«Esta é a cor de que se tinge a nossa vergonha, colectiva, de Humanidade. Desta Humanidade europeia que reclamamos ser berço de civilização, mas para a qual, pelos vistos, continua a haver uns mais humanos do que outros. Ou mais iguais do que outros, relembrando Orwell.
E é impossível não relembrar Orwell, nos dias que passam. É impossível não pensar na crueza encerrada nas suas visões distópicas, que, afinal, se revelaram, em tanto, previsões acuradas de um futuro, que hoje é o nosso presente.
O futuro em que nos morrem à porta, figurada e literalmente, outros seres humanos, tão humanos quanto nós, tão menos humanos que nós, tão mais humanos que nós.
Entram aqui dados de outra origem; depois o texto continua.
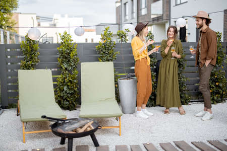Young friends spending summertime together, standing with drinks and snacks on a backyard of the country house and having fun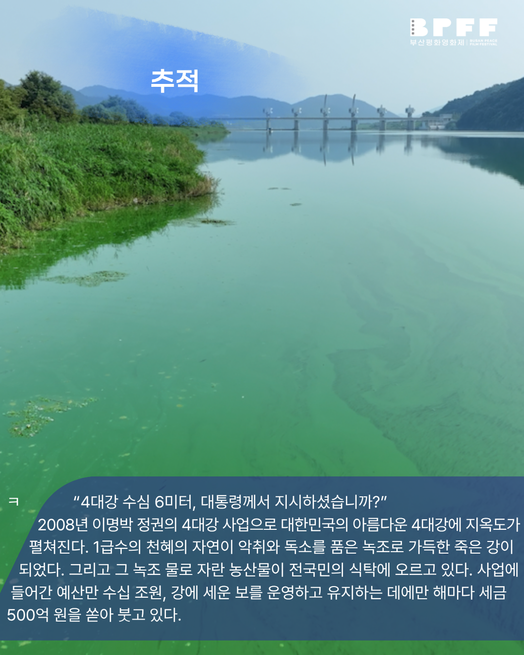 2008년 이명박 정권의 4대강 사업으로 대한민국의 아름다운 4대강에 지옥도가 펼쳐진다. 1급수의 천혜의 자연이 악취와 독소를 품은 녹조로 가득한 죽은 강이 되었다. 그리고 그 녹조 물로 자란 농산물이 전국민의 식탁에 오르고 있다. 사업에 들어간 예산만 수십 조원, 강에 세운 보를 운영하고 유지하는 데에만 해마다 세금 500억 원을 쏟아 붓고 있다. 대운하를 4대강 사업으로 둔갑시킨 정부의 거짓말과, 언론의 외면이 만들어낸 국토 파괴 프로젝트. 이 모든 결과는 우리 다음 세대들이 떠안게 될 것이다. 그와 공범자들의 악행을 17년 동안 추적해왔다. 처음에는 이명박의 말이 의심스러워서, 나중에는 녹조로 뒤덮인 강을 보고 참을 수 없어서, 그리고 이제는 우리 아이들이 이 강에서 살아갈 미래가 두려워서, 우리 후손들이 다시 강의 물길을 따라 마음껏 뛰놀 수 있도록— 이번에는 반드시, 이 문제를 해결해야 한다. 대한민국의 강을 다시 흐르게 해야 한다.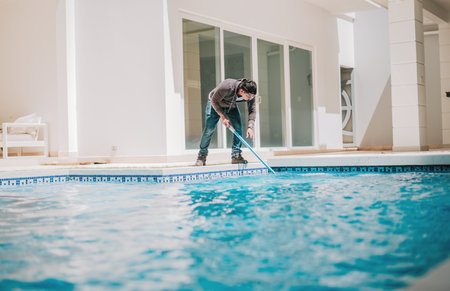 A young man cleans the swimming pool with a vacuum in a sunny backyard during a summer afternoon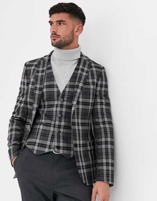 Americana muy ajustada de cuadros grises de ASOS DESIGN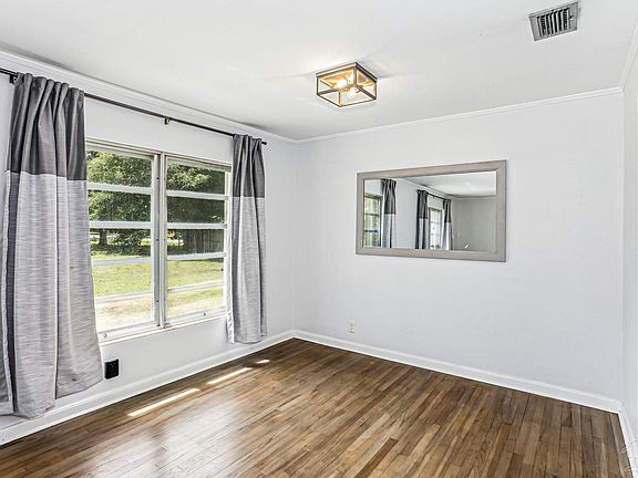 MUST SEE - This 3-bedroom, 1.5-bath home offers a functional layout and classic charm. The Jack-and-Jill style bathrooms provide convenient access between bedrooms, with original hardwood floors in two rooms and cozy carpeting in the living area. The kitchen features solid wood cabinetry and opens to a spacious family room—perfect for entertaining or relaxing. Enjoy peaceful mornings and evening breezes on the large front porch, just a short stroll from the bayou. Notable upgrades include a new roof and a whole-house gas generator, offering peace of mind during power outages. Situated on a large corner lot, this home has never flooded and is only blocks away from a scenic waterfront public park. Conveniently located near NAS Pensacola, top-rated schools, and shopping centers, this home is a true gem offering comfort, location, and reliability.

Humanos no sofrimento de quem tem fome, ou tem sede, ou tem medo, ou, simplesmente, sonha. Sonha nessas paragens onde sonhar é proibido (ou é-o para a maioria, porque os outros sonhos, megalómanos e cruéis, são a realidade dos poucos que lhes destinam os futuros).
Humanos na fragilidade de quem é explorado, traficado, vendido e comprado. No desespero de quem empenha a pouca vida que tem, na procura de outra vida, que só poderia ter sido melhor. A vida que estaria para além de um mar que antigamente era apenas azul. E que tornou a ser clausum.
Humanos sim, demasiado humanos talvez, pois que conservam em si o que a nossa humanidade, dita desenvolvida, parece ter perdido: a convicção, a perseverança e a força, essa tão apregoada resiliência, que nós, no nosso “desenvolvimento” acomodado, vamos deixando afundar no sofá, como no sofá afundamos os nossos corpos e as nossas almas, perante a visão dos que se afundam na morte, num mar que antigamente era apenas azul e que tornou a ser clausum.
Humanos na vontade de sobreviver e fazer sobreviver os filhos que transportam nos braços ou nos ventres. Humanos, demasiado humanos, porque vulneráveis e acossados.
Demasiado humanos porque pobres, descartáveis e rapidamente esquecíveis e esquecidos. Sem nome, sem rostos e sem histórias. Ou com nome, rostos e histórias que se confundem, porque (nos) parecem todos iguais. E porque (nos) incomodam um pouco, mas apenas o pouco em que a tragédia nos ecoa nos ouvidos, porque a seguir vem outra notícia e, se calhar, outra tragédia e nós distraímo-nos. Naturalmente, distraímo-nos…
Ou então, porque nos falam, baralhando-nos, dos contornos “menos claros” de que se revestem a filantropia e a ajuda humanitária. Porque a pobreza pode ser um negócio lucrativo, como já se sabe, há muito, nas múltiplas experiências de cooperação e ajuda internacional. E pode sê-lo para as agências e organismos internacionais, de reputação supostamente inabalável, como pode sê-lo para algumas organizações humanitárias não-governamentais. Uma leitura atenta e isenta da história da intervenção nas crises em África mostra como isto é, também, uma verdade.
Mas existe nesta área, como em todas, quem seja honesto e quem não o seja. Quem seja bem-intencionado e quem não o seja. Quem se alimente de sangue e quem tente estancá-lo. E, por isso, o discurso em torno do aproveitamento das situações, ou da suposta e iníqua conivência entre ONGs e traficantes, não pode ser o discurso apaziguador das nossas consciências cidadãs e, muito menos, das consciências de quem decide e de quem legisla.
E não pode sê-lo, não apenas pela injustiça da acusação de generalização das más práticas, por parte de quem presta ajuda, mas também, e sobretudo, porque, como se sabe, as cordas tendem a quebrar pelo lado mais fraco. E o lado mais fraco é aquele que foge, tem medo, é acossado ou, simplesmente, sonha.
O lado mais fraco é aquele que é humano, talvez demasiado humano, insuportavelmente humano. Humano como o azul-sangue de um Mediterrâneo que tornou a ser clausum.»